In a recent interview with Bridge Michigan, Norm Shinkle said his wife “saw a lot of strange things going on” while she was observing the vote-counting in Detroit’s TCF Center, but “when it comes to my job on the Board of State Canvassers, I wait until I hear both sides before I make a decision.”

Biden is ahead by more than 140,000 votes in the state.

Threats in Arizona

In Arizona, where Biden leads by more than 10,000 votes, the two Republican members of the Pima County board of supervisors, Ally Miller and Steve Christie, voted not to certify the county’s results on Tuesday. Christie cited “statewide and national irregularities” and made claims of voter fraud, while Miller cited concerns about the use of Sharpie-like markers on ballots, despite the debunking of false claims that Sharpie pens were invalidating ballots.

Democratic Arizona Secretary of State Katie Hobbs issued a statement Wednesday about post-election death threats that were sent to her family and her staff. “I was prepared for these threats of violence and vitriol,” Hobbs said in a statement, adding that the “intimidation tactics will not prevent me from performing the duties I swore an oath to do.”

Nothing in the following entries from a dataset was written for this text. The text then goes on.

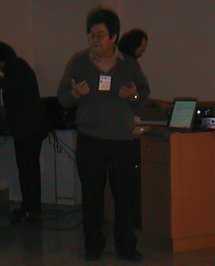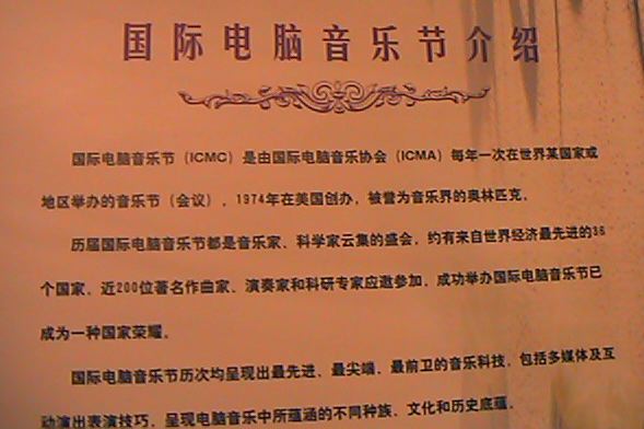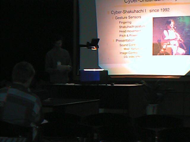 ダンスのコンサートのパンフレットにあった「ICMCの説明」です。 昨日到着して、今日の発表から合流した、筑波大の五十嵐先生 です。暗くてごめんなさい。(^_^;)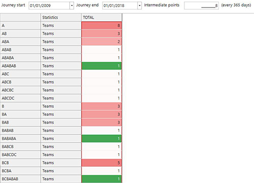 We can use the Segmentation Journeys tool to answer this question. By setting the start and end points of the journey to be 01/01/2009 and 01/01/2018 and with eight intermediate points we can look at the divisions a team has been in during the last 10 years (here A,B,C,D represent the divisions 1-4 respectively).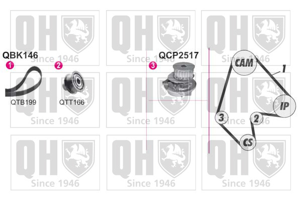 Dodatkowe informacje o produkcie Pompa wodna + zestaw paska rozrządu QBPK1460 QUINTON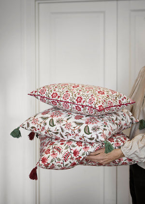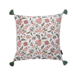 Kissenbezug mit handgefertigtem Blockdruck und Quastendetail, 100 % Baumwolle.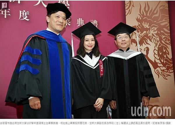 徐若瑄今年1月在世新取得碩士學位,論文題目《互聯網時代藝人轉行策略之初探性研究:以徐若瑄為例》,引發議論。(翻攝自臉書)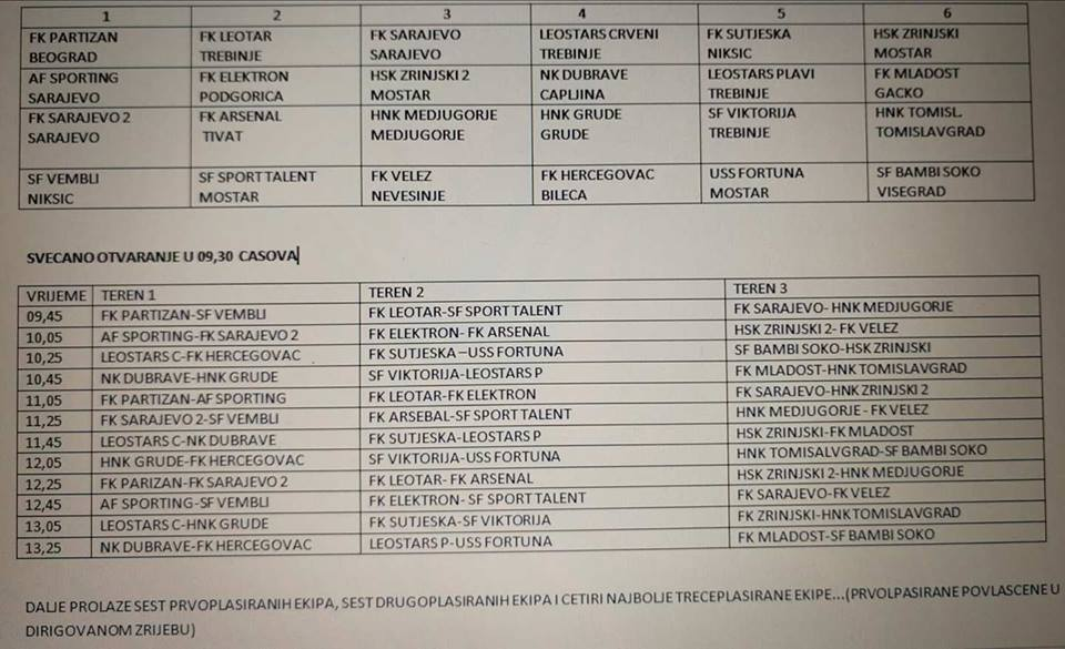 Turnir "Fudbalske zvijezdice 2017." koji se organizuje na gradskom stadionu "Police" u Trebinju održaće se u nedelju 3.09.2017. godine. Turnir čiji je organizator Škola fudbala "LeoStars", namenjen je dečacima rođenim 2008. godine i mlađim i ove godine, okupiće čak 24 ekipa iz tri države, koje će biti raspoređene u šest grupa. Turnir se igra po sistemu 6+1, na terenu dimenzija 50X30 metara, sa trajanjem utakmice od 20 minuta na golove dimenzija 5X2 metra. Svečano otvaranje turnira je u nedjelju sa početkom u 9.30 časova, a prve utakmice će se odigrati već u 9.45 časova.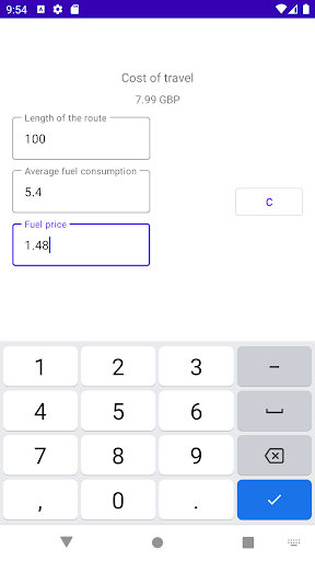 The application consists of a simple interface in which the user enters data on the amount of fuel, the route traveled and the fuel price. Based on this data, the application calculates the average fuel consumption and the average fuel cost per 100 km. This feature is especially useful for people who want to optimize their expenses.

Republican Gov. Doug Ducey called the threats against Hobbs “completely unacceptable,” saying he denounced “any threats of violence.” Ducey, however, repeatedly declined to address the unsubstantiated claims of election fraud made by the Trump campaign.

“Whatever rights or remedies are available to the campaigns that they want to pursue, it’s their right to do that,” he said. Asked whether he knows of any widespread evidence of fraud or irregularities in Arizona’s electoral results, Ducey said, “I’ve not seen that. I’ve heard about it — I’ve not seen it.”